- Material provided
*** Begin section ***
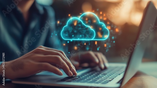 A business professional using a cloud migration tool on a laptop, with a digital cloud icon in the background.
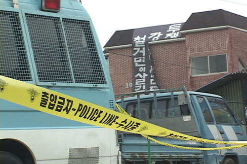 ▲ 오늘로 경찰 대치 나흘째. 전경들 뒤로 오산 수청동 철대위가 보인다. 개발 고지 1년을 기준으로 보상 해당자와 비해당자가 나뉘는데, 그 1년이라는 기준에 의해 철대위의 가옥주들은 투기꾼으로 몰려버린 상태. 투기꾼이라면 그렇게 목숨 걸고 싸우진 않을 터. 그 안에 들어가면 수많은 사연들이 있을 거다. <%=orgin_start%> [출처: ]<%=orgin_end%> |
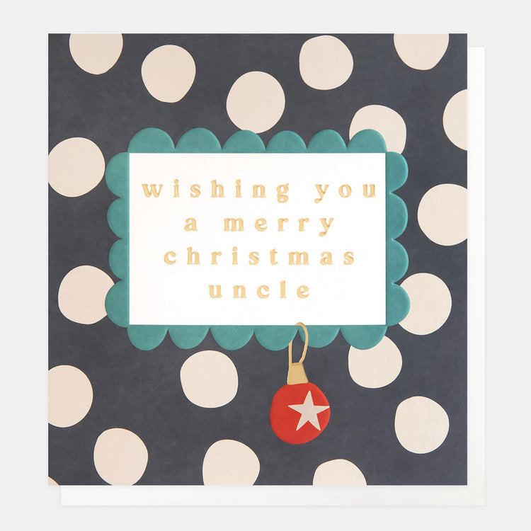 Wish Uncle a very Happy Christmas with this wonderful card. Supplied with a matching envelope.
*** End section ***
- Exercise directions
Apart from the pictures, the whole listing should be reproduced exactly.

- Reply to the exercise
 A business professional using a cloud migration tool on a laptop, with a digital cloud icon in the background.
 ▲ 오늘로 경찰 대치 나흘째. 전경들 뒤로 오산 수청동 철대위가 보인다. 개발 고지 1년을 기준으로 보상 해당자와 비해당자가 나뉘는데, 그 1년이라는 기준에 의해 철대위의 가옥주들은 투기꾼으로 몰려버린 상태. 투기꾼이라면 그렇게 목숨 걸고 싸우진 않을 터. 그 안에 들어가면 수많은 사연들이 있을 거다. <%=orgin_start%> [출처: ]<%=orgin_end%> |
 Wish Uncle a very Happy Christmas with this wonderful card. Supplied with a matching envelope.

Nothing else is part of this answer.